Data items

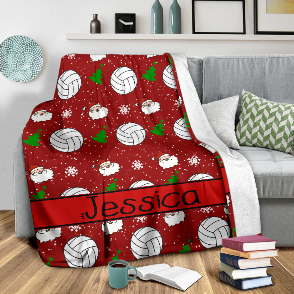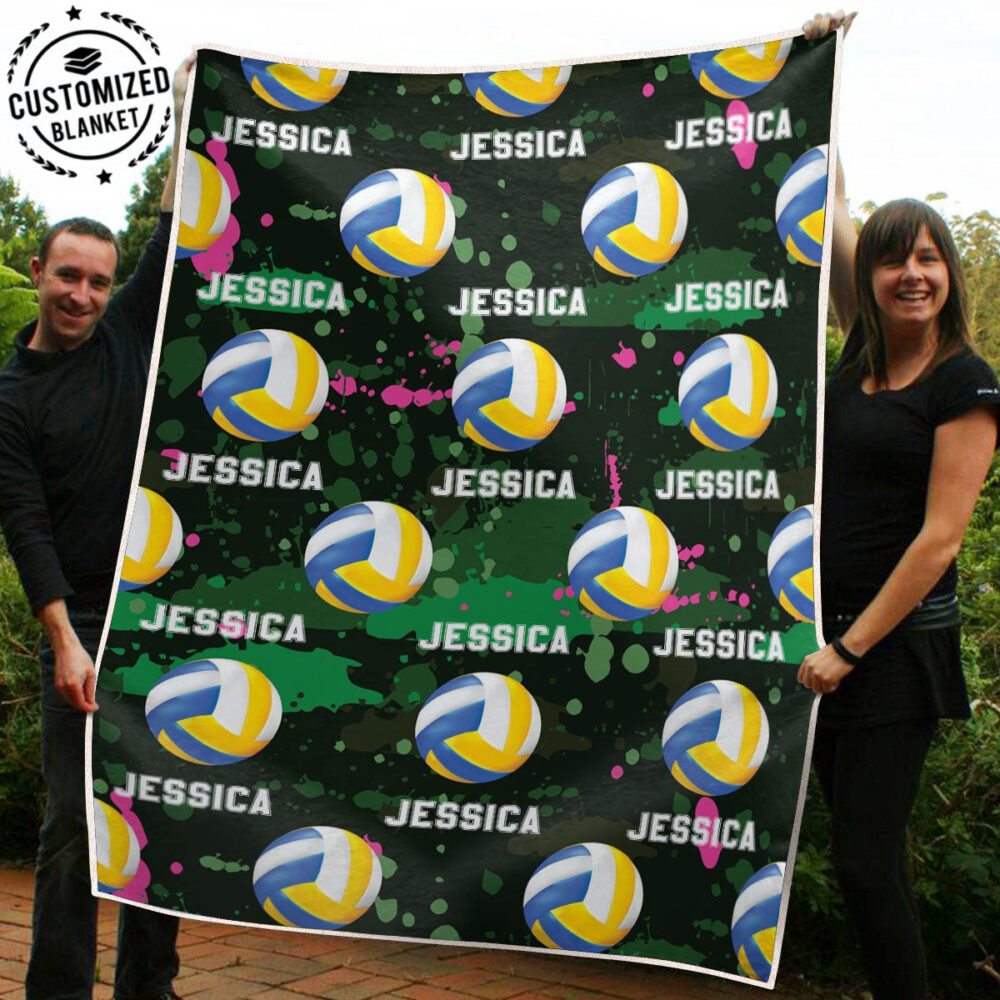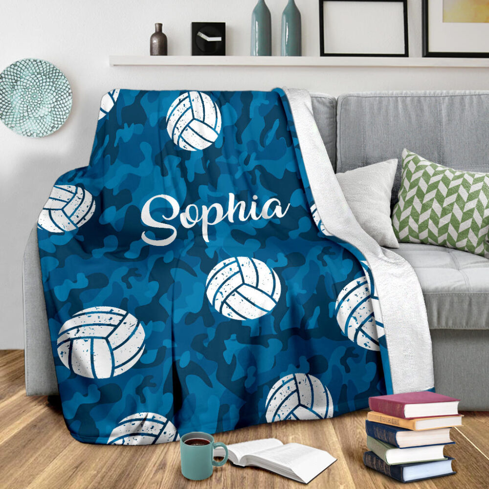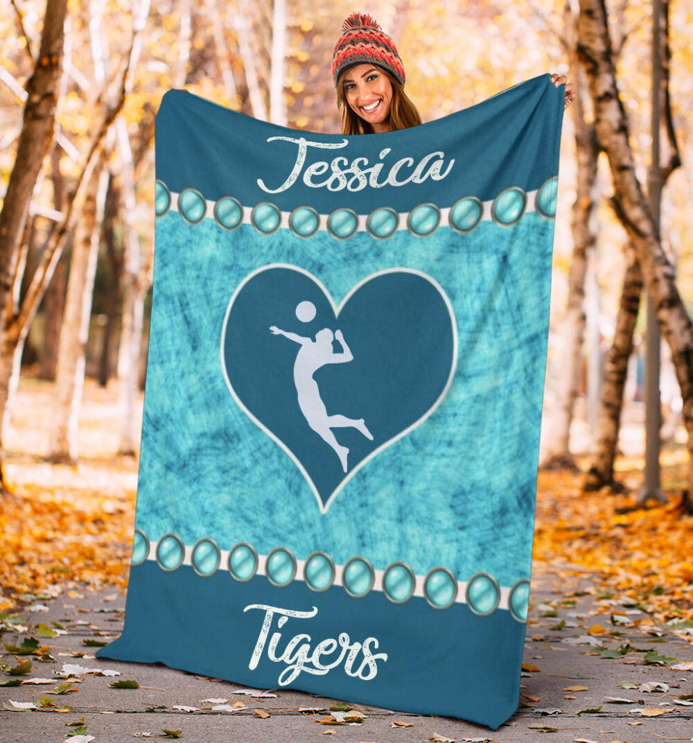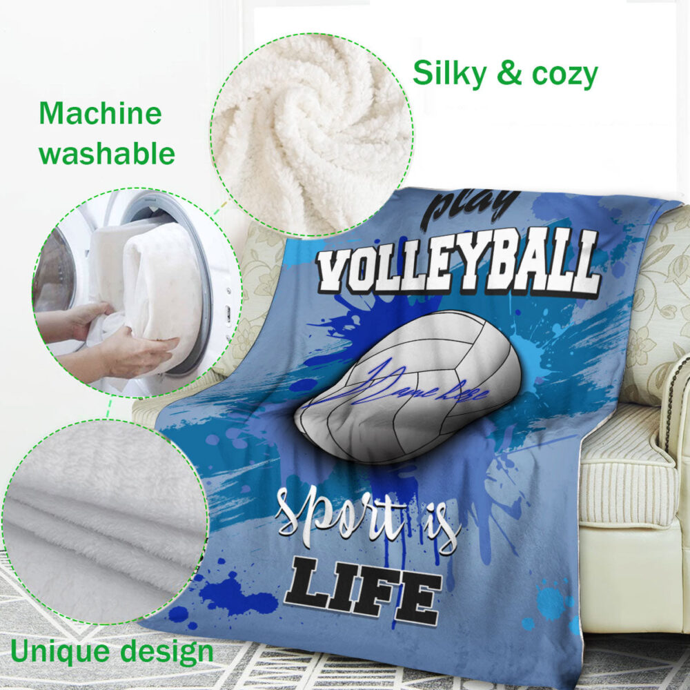 Personalized Volleyball Blanket, Volleyball Girl Sherpa Fleece Blanket, Custom Name Soft Cozy Plush Throw Blanket
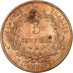 FRANCE - FRANCE IIIe République (1870-1940). 5 centimes Cérès 1881, A, Paris.
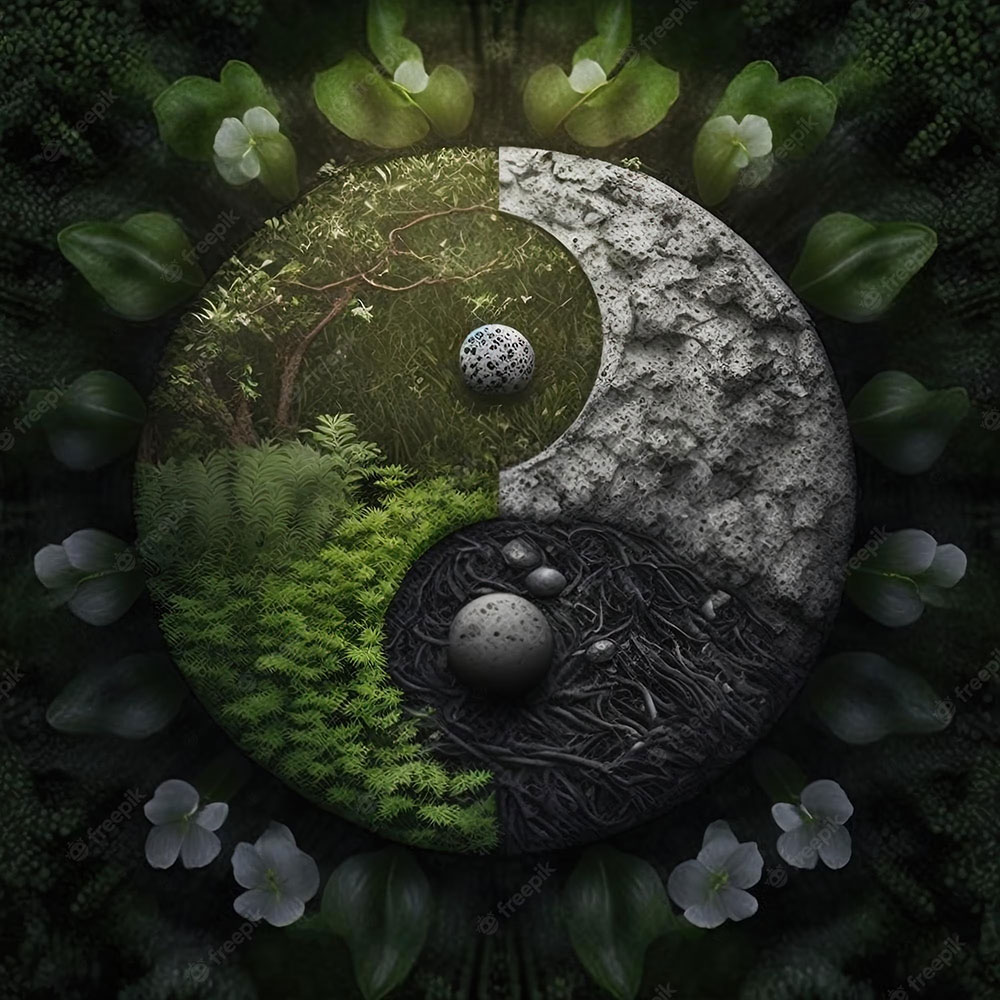 二元論(にげんろん、dualism)は、世界や物事を「精神と物質」「善と悪」など、相反する独立した2つの原理・要素から構成されていると考える哲学・思想的立場です。デカルトの心身二元論が有名で、一元論(全ては1つの原理)や多元論に対立し、物事を単純化して解釈する際に用いられます。これに対し、陰陽論は単なる白黒の二元論ではなく、対立しながらも依存・循環・融合する「一元的な調和」を示す概念です。陰の中に陽があり、陽の中に陰が存在し、互いが常に変化し合いながら太極(全体)を成すため、どちらか一方が正しい・優れているという分離思考をしない考え方です。現代は、複雑な事象を「善か悪」「敵か味方」といった2つの単純なカテゴリーに分類する善悪二元論や二項対立の風潮が強いのが特徴です。SNSやネット社会では特に、分かりやすい情報が好まれるため、思考停止して二元論的に物事を判断しがちです。対立を煽る言動が氾濫し、争いが常に生じています。勾玉(まがたま)のカタチは、相反する二つの要素が調和・統合し、新たな生命や循環を生み出すシンボルとして解釈されています。この世の万物は「陽」と「陰」の2つの相反する要素から成り立っている、という思想を具現化したものです。 二つの勾玉が一対になって回転することで世の中が出来上がっています。勾玉が頭(相手の尾)に接する形状は、二つの要素が独立しつつも円の中で融合し、循環している状態を表しています。陰陽太極図において、黒い勾玉の中には白い点、白い勾玉の中には黒い点があります。これは常に陰の中にも陽があり、陽の中にも陰があるという意味を持ちます。引用それぞれが相互に依存し、変化し続ける「陰陽のバランス」を示しています。このような対極の視点に立つことが、すなわち包括的な愛の精神であり、ヒーリングや施術を行う上で最も大切な心のあり方です。
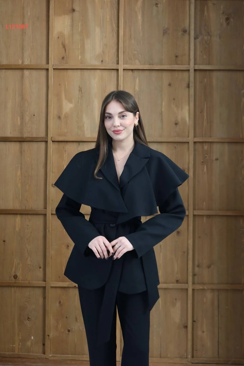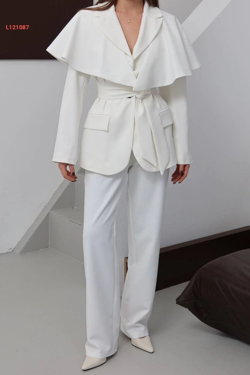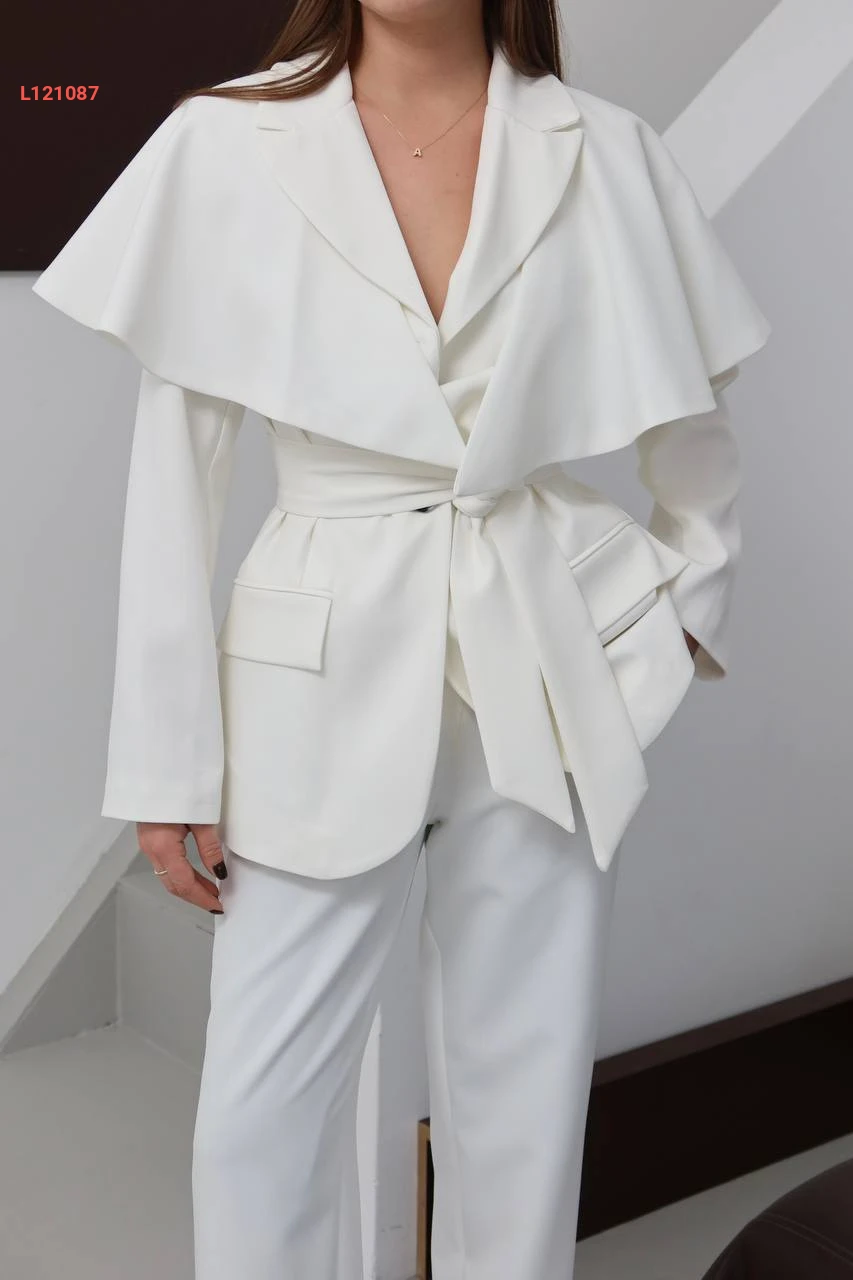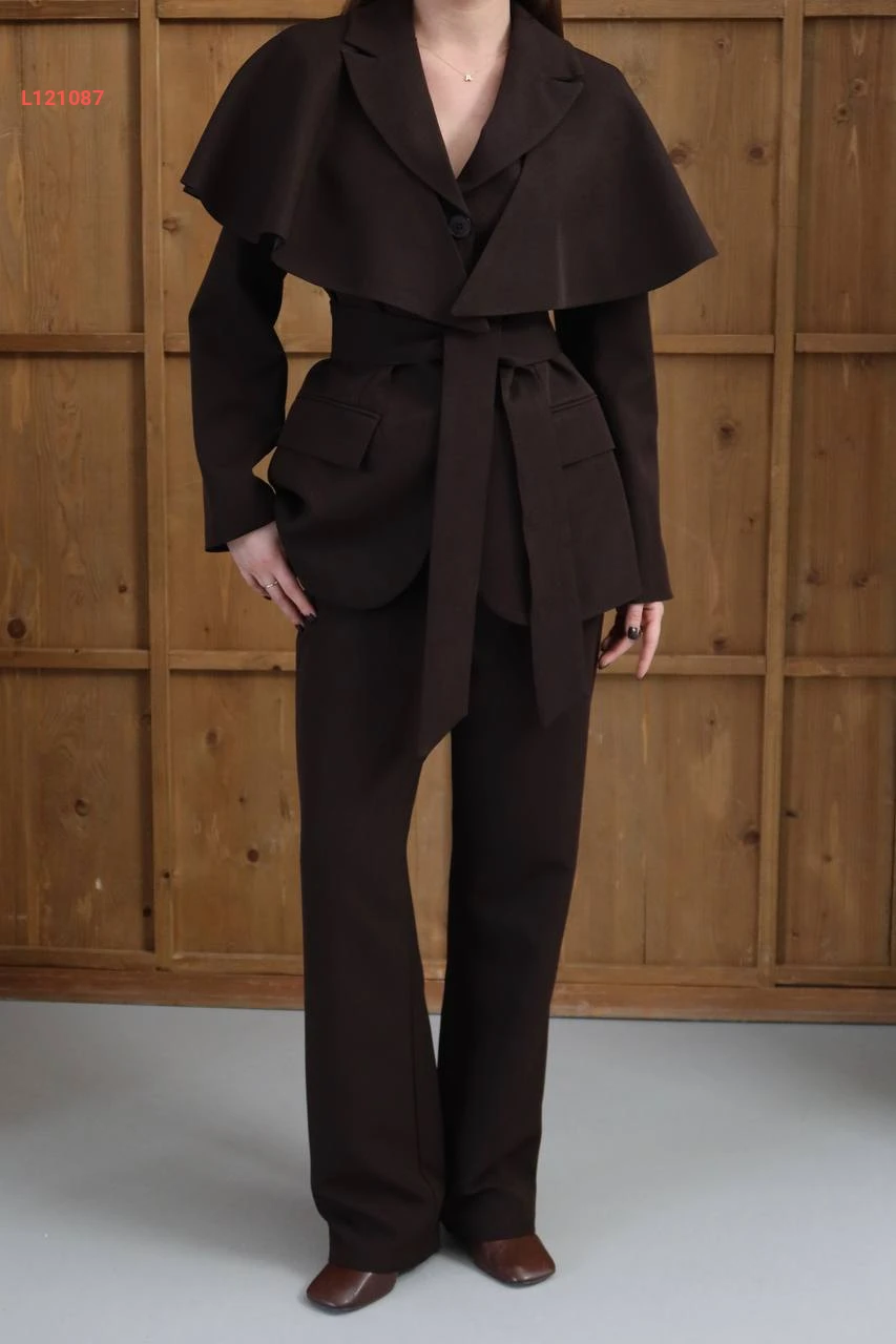 طقم بنطال وجاكيت مع تفاصيل كاب كتف
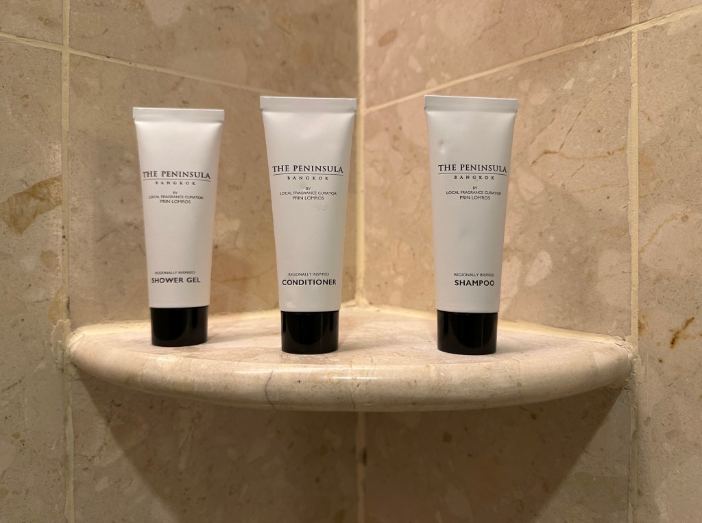 All the amenities are generously provided, including toothbrushes. The shampoo and soap come in elegant, fragrant aluminum tubes, exclusive to the Peninsula brand.

▸ **What needs to be done**: Return each record above as it stands. Pictures stay out.

▸ **Problem solution**:
 Personalized Volleyball Blanket, Volleyball Girl Sherpa Fleece Blanket, Custom Name Soft Cozy Plush Throw Blanket
 FRANCE - FRANCE IIIe République (1870-1940). 5 centimes Cérès 1881, A, Paris.
 二元論(にげんろん、dualism)は、世界や物事を「精神と物質」「善と悪」など、相反する独立した2つの原理・要素から構成されていると考える哲学・思想的立場です。デカルトの心身二元論が有名で、一元論(全ては1つの原理)や多元論に対立し、物事を単純化して解釈する際に用いられます。これに対し、陰陽論は単なる白黒の二元論ではなく、対立しながらも依存・循環・融合する「一元的な調和」を示す概念です。陰の中に陽があり、陽の中に陰が存在し、互いが常に変化し合いながら太極(全体)を成すため、どちらか一方が正しい・優れているという分離思考をしない考え方です。現代は、複雑な事象を「善か悪」「敵か味方」といった2つの単純なカテゴリーに分類する善悪二元論や二項対立の風潮が強いのが特徴です。SNSやネット社会では特に、分かりやすい情報が好まれるため、思考停止して二元論的に物事を判断しがちです。対立を煽る言動が氾濫し、争いが常に生じています。勾玉(まがたま)のカタチは、相反する二つの要素が調和・統合し、新たな生命や循環を生み出すシンボルとして解釈されています。この世の万物は「陽」と「陰」の2つの相反する要素から成り立っている、という思想を具現化したものです。 二つの勾玉が一対になって回転することで世の中が出来上がっています。勾玉が頭(相手の尾)に接する形状は、二つの要素が独立しつつも円の中で融合し、循環している状態を表しています。陰陽太極図において、黒い勾玉の中には白い点、白い勾玉の中には黒い点があります。これは常に陰の中にも陽があり、陽の中にも陰があるという意味を持ちます。引用それぞれが相互に依存し、変化し続ける「陰陽のバランス」を示しています。このような対極の視点に立つことが、すなわち包括的な愛の精神であり、ヒーリングや施術を行う上で最も大切な心のあり方です。
 طقم بنطال وجاكيت مع تفاصيل كاب كتف
 All the amenities are generously provided, including toothbrushes. The shampoo and soap come in elegant, fragrant aluminum tubes, exclusive to the Peninsula brand.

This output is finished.